Офицерик мой спит по сию пору, однако в отлучку мою он приходил в себя:
записка, какую оставлял, заметно, читана. И конопляный отвар выпит, как
наказывал. Делал перевязки ему и клал мази. Тьфу, тьфу, дай-то Бог, но,
кажется, операции повторной на ноге не потребуется. А за рану штыком вовсе
опасение отстало. Скоро уж очнуться должен он. Обмундирование, оружие его
схоронил в омшанике. Даже крестик нательный вместе с цепочкой снял и
прибрал. Больно уж богатый крестик, чтоб не сказать ничего о владельце
Оспатому со шрамом, коли объявится... А боюсь, объявится.
23 ноября 1919 года. Офицерик пришел в себя вчера около полуночи.
Спросил, где находится, и далеко ли Пихтовая. Я ответил. Ждал, он объяснит,
что стряслось, и что за солдаты с ним были, и почему все заколоты штыками,
а главное, как с пихтовскими, с пушилинскими приказчиками и Востротиным,
сошелся. Он, однако, обо всем об этом говорить не заспешил. Имя свое и
звание сказал: Григорий Николаевич Взоров, старший лейтенант - и все. Чин -
это я и без него, по погонам узнал, а имя. Может быть и чужим назвался.

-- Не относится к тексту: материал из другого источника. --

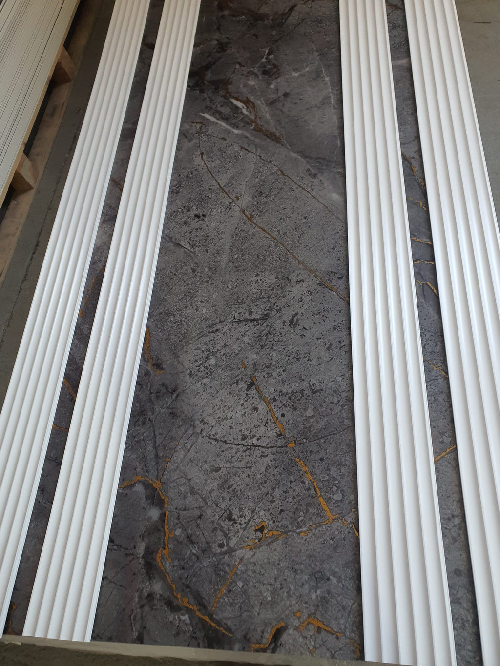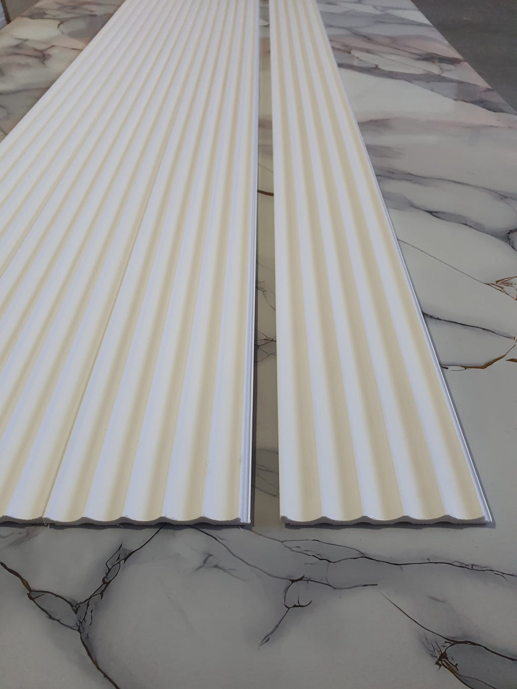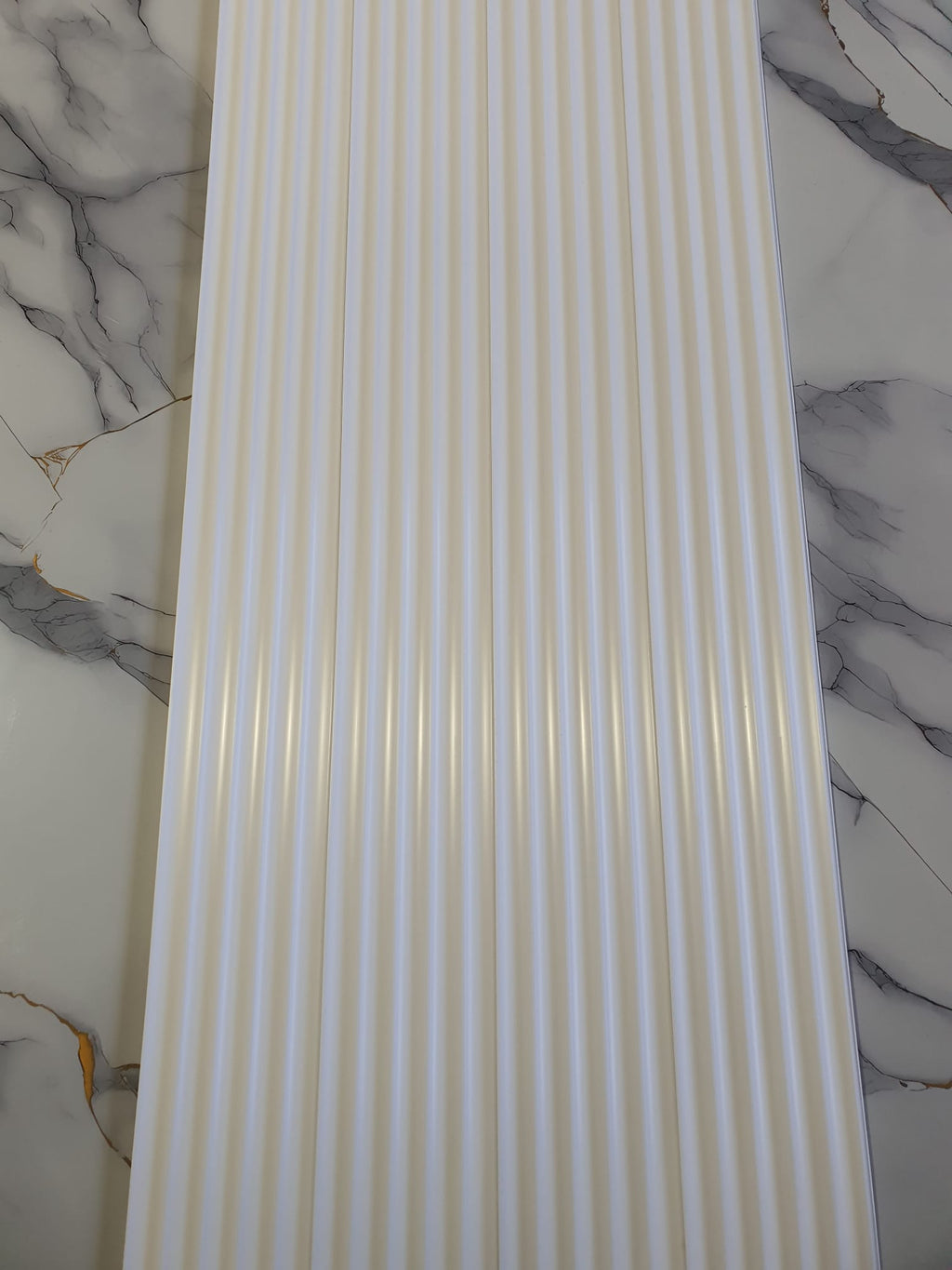 Panou decorativ tip riflaj pentru perete sau mobilier, alb, vopsibil. Este un profil decorativ din Polimer Dur, ceea ce il face potrivit pentru bai sau zonele care sunt expuse la umezeala.

Хотя, какой прок? Предупредил, что мундир его и все прочее спрятал и что
лучше ему забыть, кто он есть на самом деле, а если вдруг кто нагрянет,
назывался просто Григорием, родственником моим. Рассказал про утрешнюю
встречу с Оспатым (умолчал, за каким занятием застал меня Оспатый). Что
красные еще вчера утром прошли близко от пасеки на восток, всего сильней на
него подействовало. После этого он даже совсем безразлично выслушал про
ампутированный палец на ноге и ничего не спросил. И о штыковой ране, что
она теперь не опасна, заживать будет, тоже ни словечка. Будто и не о нем
разговор, его не касается.
11 ноября 1919 года. Жил эти дни в ожидании - нагрянет Оспатый, либо кто
по его указке. Кажется, Бог миловал. С позавчера снег повалил, и посейчас
сыплет и сыплет. Уйма снегу. Так что к пасеке, кроме как на лыжах, не
добраться. Григорий молчит. Попросил, как очнулся, не выпытывать, кто он и
что стряслось с ним, и молчит. И Господь с ним, что человеку лезть в душу,
пусть поправляется.
2 января 1920 года. Месяц не писал, и недосуг было. Поторопился
определить, будто вовсе уж на поправку дело пошло у Григория. Он вдруг так
расхворался - до половины декабря никак не чаял, что выживет, хоть силы все
вкладывал. Однако ж поставил на ноги к Рождеству! Григорий хотел, чтоб в
Пихтовую я наведался. Мне и без хотения его давненько пора было к своим,
проведать, вчера к ночи возвратился. Там - красные уже, и губернский центр
у них. Железнодорожные колеи забиты вагонами, паровозы промерзли. Вагоны
полны добра: обмундирование, одежда всякая, продукты, колчаковы деньги в
мешках. Пачки денег. Снег метет на рассыпанные банкноты на путях, никто их
не подбирает. А у вагонов с провизией, с оружием, с одеждой - охранники...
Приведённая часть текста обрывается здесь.